The FDA has released extensive information about the status of its work to improve its monitoring of infant formula production and its handling of complaints about the safety of formula.
Problems with the Food and Drug Administration’s ability to watch for problems and respond to complaints about infant formula were brought to light during the 2021-22 outbreak of cronobacter infections in infants. The subsequent recall of Similac and other popular brands of infant formulas further showed internal failures in terns of the agency’s ability to respond to and contain such situations.
In a Dec. 13 update, the agency outlined steps it has taken to resolve the problems, which also included a supply crisis related to the recall of the formulas and the shutdown of the Abbott Nutrition plant that manufactured them.
During a May 2022 congressional hearing, members of the U.S. House of Representatives told FDA Commissioner Robert Califf to fix the problems related to infant formula as well as agency wide problems with communication and chain of command that the formula crisis revealed.
In response to those congressional demands, the FDA has stepped up inspection of infant formula production. During the federal fiscal year 2023, which ran from Oct. 1, 2022, through Sept. 30, 2023, the FDA conducted 47 routine annual inspections of foreign and domestic facilities that produce infant formula, including some that also produce medical foods.
Among the problems revealed by the 2021-22 infant formula outbreak and shortage was the handling of a whistleblower complaint received by the FDA in the fall of 2022. It was ultimately found that the complaint had been delayed from reaching proper authorities because of a variety of internal problems, including mailroom issues.
The complaint described numerous failures at the Abbott Nutrition manufacturing plant that made the formula, including the fact that the company’s internal testing showed contamination of some formula that was not reported to the FDA.
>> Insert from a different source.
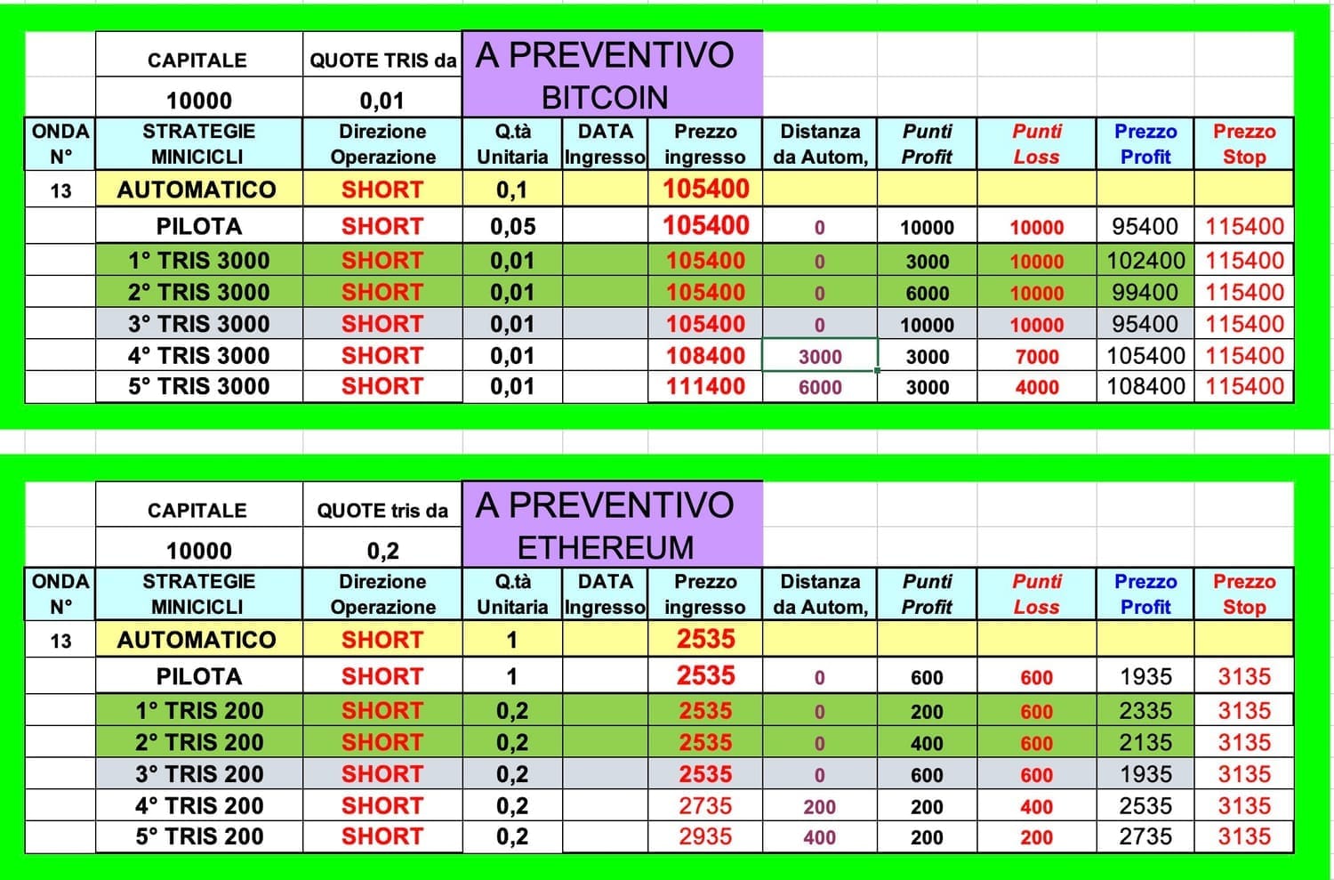 Lo abbiamo visto già Lunedì sulle criptovalute BITCOIN ed ETHEREUM con 2 quote su tre già scattate nella STRATEGIA TRIS.

In September this year, the FDA released an update on its strategy to prevent Cronobacter sakazakii illnesses associated with the consumption of powdered infant formula. According to the Dec. 13 update, some of the action includes:
- Issuance of a letter to the powdered infant formula industry to share current safety information and a call to industry to take prompt action to improve processes related to the safe production of powdered infant formula.
- Initiation of hiring to establish a dedicated group of investigators to conduct infant formula inspections.
- Initiation of hiring of staff to support the new Office of Critical Foods.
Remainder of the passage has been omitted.